GPU vs SSE registers (floating point math)

Is it right to assume that floating point math done on a modern GPU (via GLSL) will produce identical results to the SSE registers?

I want to move some colour management functionality off the CPU onto the GPU if possible, but need to guarantee the results are the same.

Many thanks

I don’t think this is the case… IMHO the precision of GPUs may be a bit lower. Why don’t you just try it out? I remember testing precision on my old GFFX some years ago and it wasn’t so great…

Thanks Zengar… I was hoping to be lazy and avoid testing it!
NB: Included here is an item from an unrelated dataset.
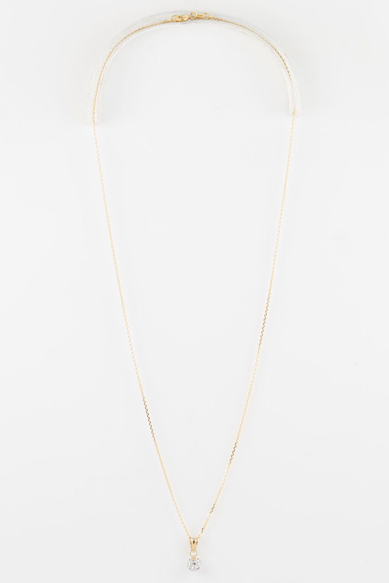 Hanger van geelgoud ingelegd met zirkoniumoxide.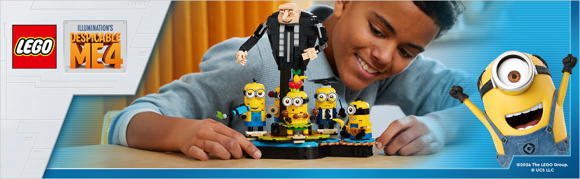 LEGO® Ich – Einfach unverbesserlich 4 Gru und die Minions aus LEGO® Steinen (75582) ist genau das richtige Set für Kinder, die Minions-Spielzeug lieben. Dieses kreative Bauspielzeug für Kinder ab 9 Jahren beinhaltet die Baufigur Gru, die von Minions umtanzt wird. Deshalb ist dieses Set zum Spielen und Ausstellen das perfekte Geschenk für Kinder und Fans der Filmreihe Ich – Einfach unverbesserlich. Die große Baufigur Gru hat Gelenke in den Armen, Beinen und Fingern, damit Kinder ihn in coole Posen bringen können. 5 baubare Minions sind ebenfalls enthalten: Jerry mit Maracas und Obsthut, Geheimagent Dave mit Funkgerät und Propeller auf dem Kopf, Beedoo Minion mit Megafon, Mel mit Ukulele und Kevin mit seiner Furzkanone. Die Minions stehen auf einer rotierenden Plattform. Wenn Kinder den sitzenden Minion drehen, umtanzen die anderen Minions ihren Boss! Alle Minions können ihre Hände bewegen und Zubehör halten. Auch die Köpfe sind beweglich, und man kann die Augen austauschen, um den Figuren unterschiedliche Gesichtsausdrücke zu verpassen. Man kann die 4 Minions von der kreisenden Plattform nehmen, um Kindern zusätzliche Spielmöglichkeiten zu bieten. Die Minions umtanzen Gru: LEGO® Ich – Einfach unverbesserlich 4 Gru und die Minions aus LEGO® Steinen ist ein tolles Set zum Bauen, Spielen und Ausstellen für Jungen und Mädchen ab 9 Jahren, die Fans der Filme mit den Minions sind Spielset mit Filmfiguren: Kinder können die Figur Gru mit Gelenken in Armen, Händen und Fingern sowie 5 weitere Minions mit markantem Zubehör, beweglichen Köpfen und austauschbaren Augen bauen Bewegliche Minions zum Spielen und Ausstellen: Kinder können Gru in coole Posen bringen und den sitzenden Mel drehen, damit die anderen Minions ihren Boss umtanzen Minion-Spielzeug für Kinder: Das filmgetreue Zubehör umfasst Maracas, einen Obsthut, einen Propeller für den Kopf, ein Funkgerät, ein Megafon, eine Ukulele und eine Furzkanone Minions-Geschenk: Dieses coole Set für Kinder ist ein kreatives Bauspielzeug und ein tolles Geburtstagsgeschenk für Fans der Minions und der Filmreihe Ich – Einfach unverbesserlich von Illumination 3D-Bauanleitung: Für ein fesselndes Bauerlebnis können sich Kinder die LEGO® Builder App herunterladen. Mit den digitalen Funktionen kann man 3D-Modellansichten drehen und vergrößern, Sets speichern und den Baufortschritt verfolgen Noch mehr Kinderspielzeug mit den Minions: Weitere LEGO® Ich – Einfach unverbesserlich 4 Spielsets sind separat erhältlich, um Kindern noch mehr Spaß mit den Minions zu bieten und sie die Sets sammeln, kombinieren und vielseitig umgestalten zu lassen Riesiger Bauspaß: Das 839-teilige Modell zum Spielen und Ausstellen ist 28 cm hoch, 23 cm breit und 16 cm tief

Obviously normal float math on a CPU is at higher precision, but I was hoping the 32bit SSE would be the same on a GPU.

FWIW - I’m looking to use floating point textures (ARB_TEXTURE_FLOAT / ATI_TEXTURE_FLOAT) which implies GF6 or better i believe.
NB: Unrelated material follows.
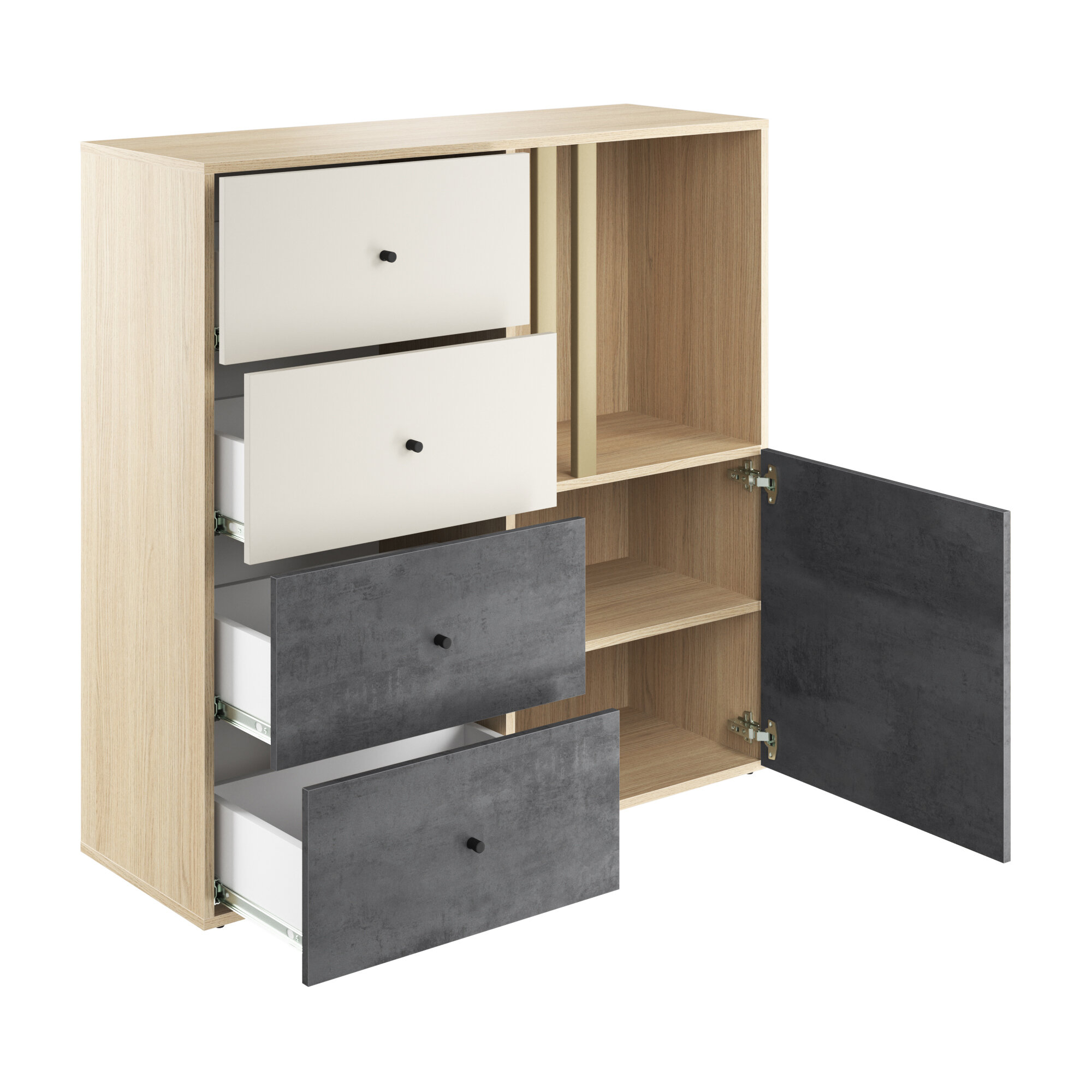 Вместительность. Благодаря своей конструкции тумба дает возможность разместить большое количество вещей. Четыре ящика и распашной фасад. Выдвижные ящики и полка позволят бережно хранить предметы одежды и личные вещи. Направляющие и петли с доводчиками. Направляющие полного выдвижения обеспечивают лёгкое открытие и закрытие фасадов. Надёжная фурнитура. Фурнитура с бессрочной гарантией от «Лазурит».

Maybe GFFX is too limited for this.

Regards

I’m not sure about older GPUs, but on my geforce8 addition and multiplication are IEEE-compliant, so they have a maximum error of
0.5 ulp. I already checked it on a number of my gpgpu programs with a cpu fallback path and the results are the same, bit for bit. There are some differences with cpu math however, especially with the trigonometric and non-linear functions.

N.

Actually, the GFFX support the NV_float_buffer extension but its use is limited compared to the (ARB_TEXTURE_FLOAT / ATI_TEXTURE_FLOAT) extensions.

N.

Thanks NiCo

I remember some issues with SSE and SQRT or 1.0/x computations.
On 32bit float SSE you may have only about 4 signs precision instead of about 6 in FPU!

I decided some years ago not to implement SSE in my project (there wasn’t SSE2 this time) because of this big differences on FPU and SSE.
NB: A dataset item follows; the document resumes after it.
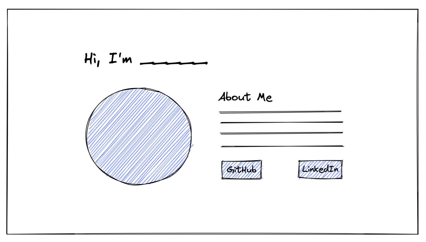 In this lesson, we'll be building a React component that represents the home page of a portfolio site for yourself based on this wireframe:

So, keep an eye of this. Maye its better with newer processors today… .

Good point. sqrt and reciprocal (1/x) are the ones to watch out for. Most likely the GPU doesn’t actually calculate the value but instead looks in a table and then does some interpolation between 2 neighboring values.
We could say the same for SSE but I’m sure don’t SSE and whatever GPU you have may produce diff values.

Also, GPU floating point calc is not fully IEEE compliant. It doesn’t deal with NAN properly. This might not be a problem for you.